Toneport vs Audiophile 2496
: czwartek 20 lip 2006, 11:42
Witam wszystkich użytkowników forum.
Mam mały dylemat. Chcę troszkę rozbudować swoje "home studio"
żeby móc lepiej nagrywać gitary, nagrać czasem jakiś wokal, no i oprócz tego w miarę komfortowo pracować z VST. Obecnie mam Sb Audigy2 Platinum Ex, no ale na tej karcie latencja (i jakość) nie pozwala mi się cieszyć w pełni z uroków homerecordingu. Ale do rzeczy...
Planowałem zakup karty M-audio Delta Audiophile 2496, no i do tego podpinać PODa, oraz czasem Gt6. Kwestię pracy z VST też to chyba by rozwiązało. No ale "napatoczył" mi sie ostatnio wątek na forum o line 6 Toneport no i kompletnie zgłupiałem. Urządzonko (przynajmniej teoretycznie) rozwiązuje kwestię nagrywania gitar czy też wokalu. Prosto łatwo i przyjemnie, z małą latencją, o raczej zadowalającej jakości. Tylko pytanie czy ma ten sprzęt wpływ na pracę w Fl Studio? Jak z VST? Coś to zmieni, czy raczej dalej do tego moje Audigy będzie działać?
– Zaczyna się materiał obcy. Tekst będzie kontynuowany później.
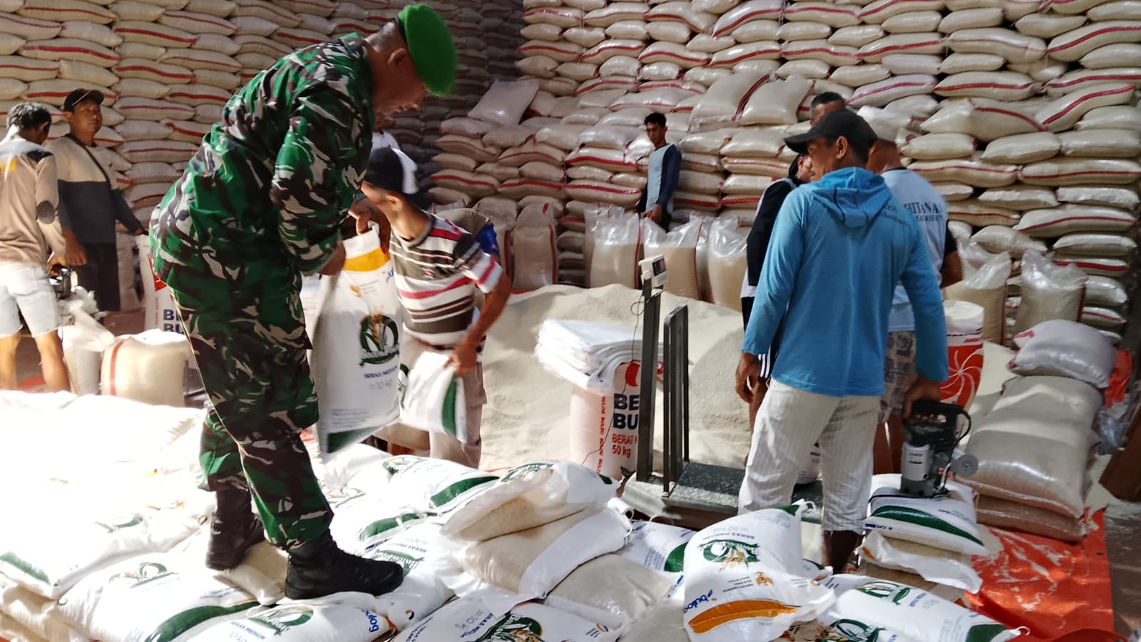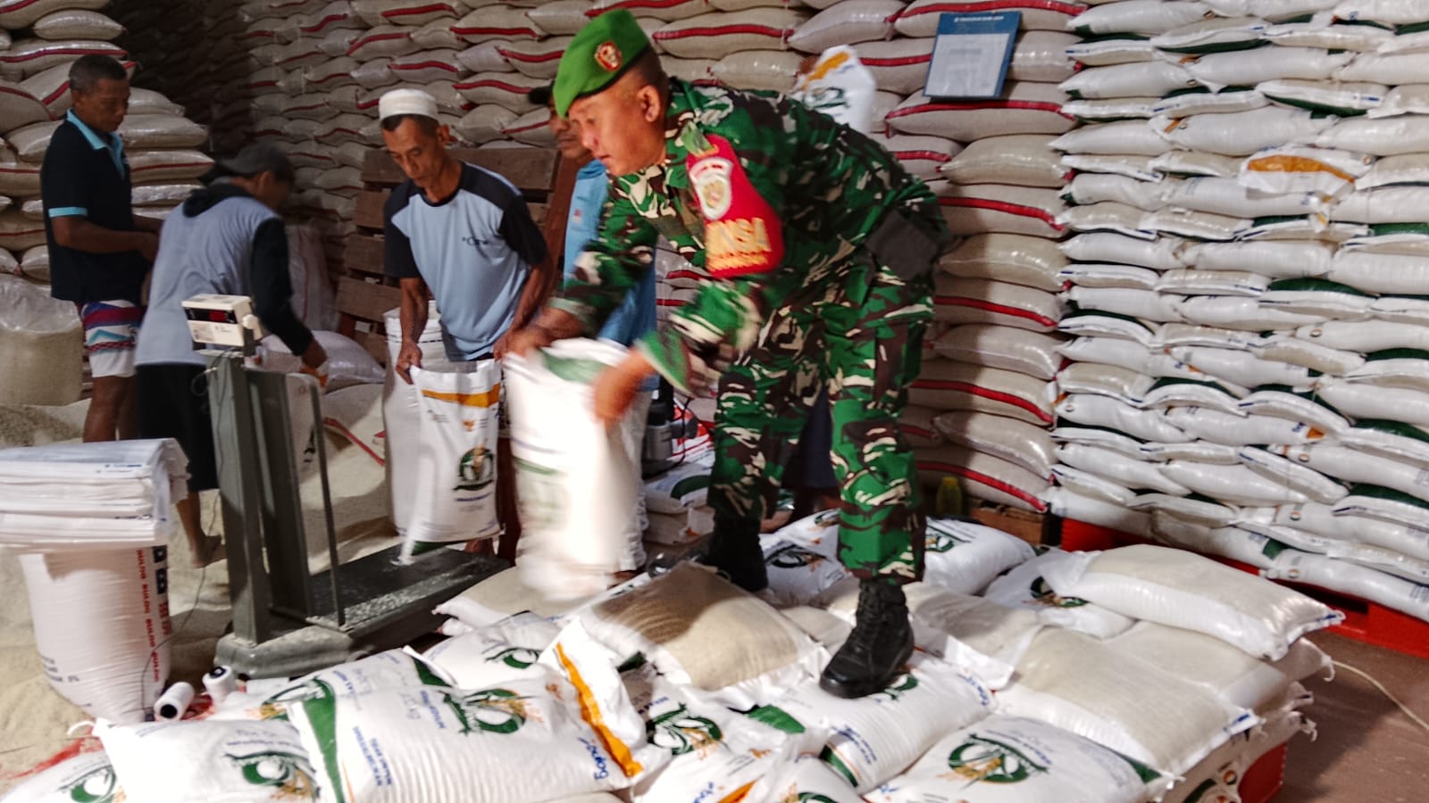 KOTA CIREBON, sidikkriminal.co.id – Babinsa Kelurahan Larangan, Koramil 1402/Harjamukti, Sertu Feri Suswanto, melaksanakan kegiatan monitoring terhadap proses rebagging (pengemasan ulang) beras medium di Gudang Bulog Larangan yang berlokasi di Jalan A. Yani By pass No. 1, Kota Cirebon. Senin, (21/7/2025). Kegiatan ini merupakan bagian dari persiapan pendistribusian bantuan pangan kepada masyarakat penerima manfaat melalui Program Bantuan Pangan Pemerintah Tahun 2025.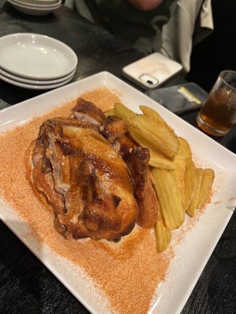 鶏肉のやつ、皮がパリパリで粉まぶすと永遠に食べれる、最高!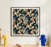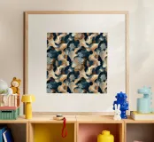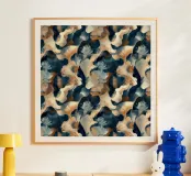 Un moderno motivo mimetico astratto con forme fluide in stile acquerello nei colori blu navy, grigio ardesia, pesca, marrone e crema. Questa rivisitazione artistica della mimetica tradizionale combina motivi di ispirazione militare con un'estetica morbida e acquerellata per un look contemporaneo. Perfetto per gli amanti del camo, per gli appassionati di motivi astratti, per i fan dello stile militare moderno e per tutti coloro che apprezzano la fusione di motivi tattici con la morbidezza artistica dell'acquerello.
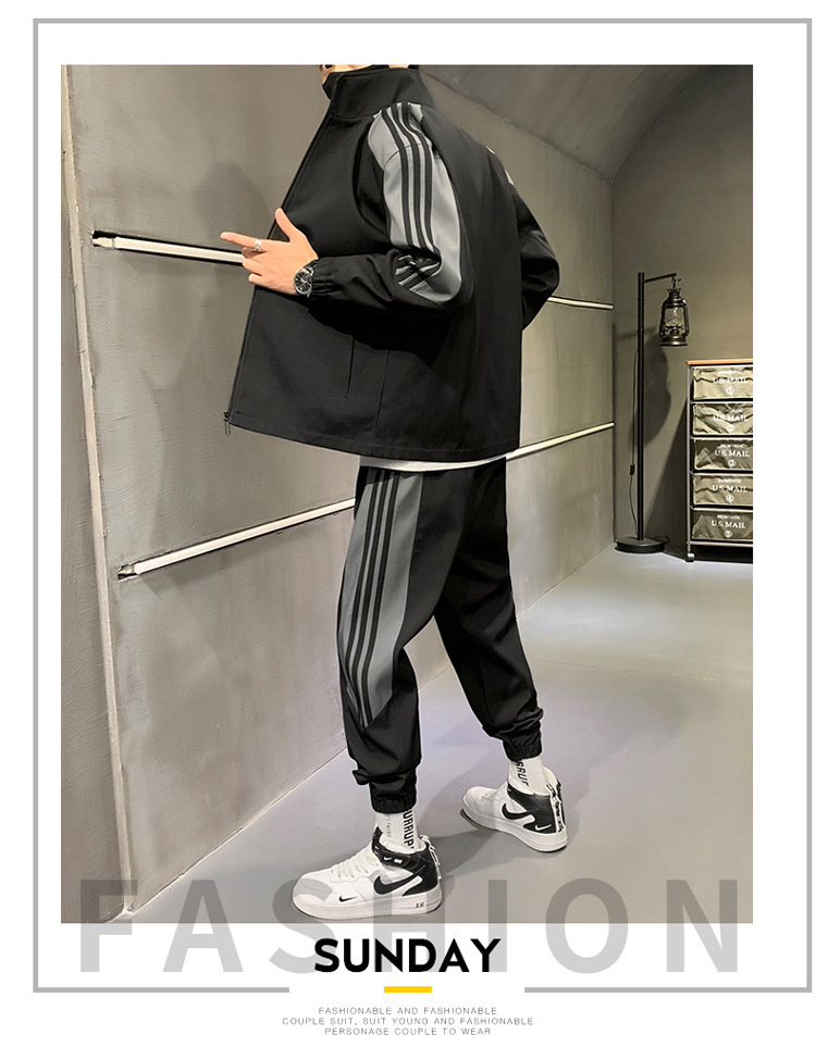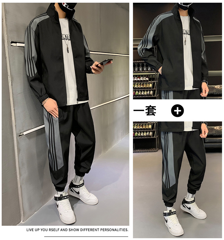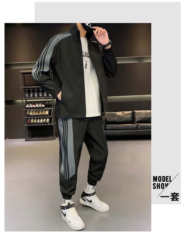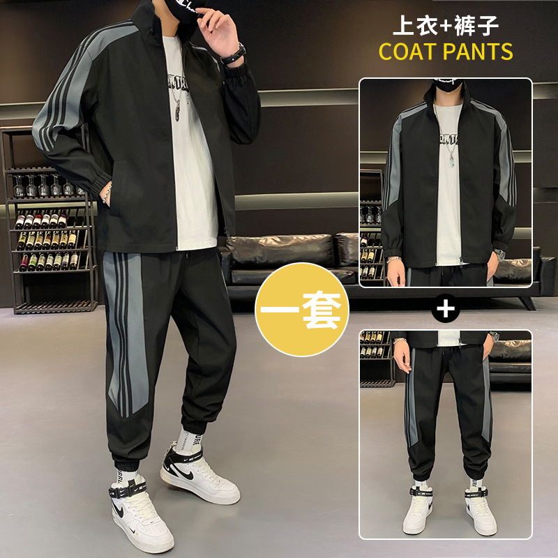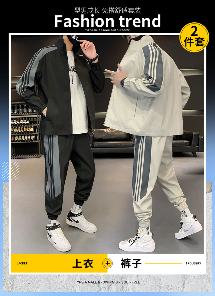 봄, 가을 남성용 프린트 스포츠 슈트, 트렌디한 캐주얼 청소년 바지 슈트, 남성용 대형 사이즈스토어 가기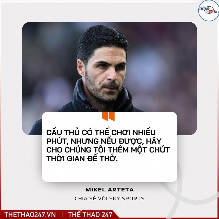 Declan Rice đã chơi rất nhiều phút cho Arsenal và cho tuyển Anh. Nhưng vấn đề là chúng tôi thi đấu khi nào? Chúng tôi đá vào tối thứ Tư và lại phải ra sân vào sáng thứ Bảy. Cầu thủ có thể chơi nhiều phút, nhưng nếu được, hãy cho chúng tôi thêm một chút thời gian để thở. Điều đó thực sự quan trọng cho sức khỏe của các cầu thủ.”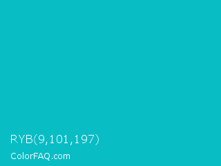 RYB 9,101,197 Color is a normal cyan color and the nearest color is Turquoise Surf #00c5cd. Hex code #09bdc5 and RGB value is rgb(9,189,197). In RGB color space, this color is composed of 4% red, 74% green, 77% blue, In CMYK color space, this color is composed of 95% cyan, 4% magenta, 0% yellow , 23% black , In HSL color space, this color has a hue angle of 183° , 91% saturation and 40% lightness.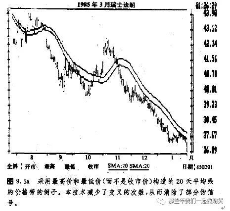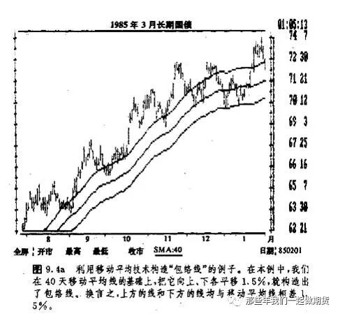 6.如果我们针对每日的最高价和最低价,分别采取与在收市价格下同样的移动平均方法,就得到了价格带(包容带)。它由两条移动平均线形成——一条是关于最高价的,一条是关于最低价的(见图9.5a

Z góry dziękuje wszystkim za odpowiedzi.
Pozdrawiam
MateuszB
P.S. Jakbym coś niejasno napisał albo nie tu gdzie trzeba, to nie bijcie za mocno
Mam mały dylemat. Chcę troszkę rozbudować swoje "home studio"

Planowałem zakup karty M-audio Delta Audiophile 2496, no i do tego podpinać PODa, oraz czasem Gt6. Kwestię pracy z VST też to chyba by rozwiązało. No ale "napatoczył" mi sie ostatnio wątek na forum o line 6 Toneport no i kompletnie zgłupiałem. Urządzonko (przynajmniej teoretycznie) rozwiązuje kwestię nagrywania gitar czy też wokalu. Prosto łatwo i przyjemnie, z małą latencją, o raczej zadowalającej jakości. Tylko pytanie czy ma ten sprzęt wpływ na pracę w Fl Studio? Jak z VST? Coś to zmieni, czy raczej dalej do tego moje Audigy będzie działać?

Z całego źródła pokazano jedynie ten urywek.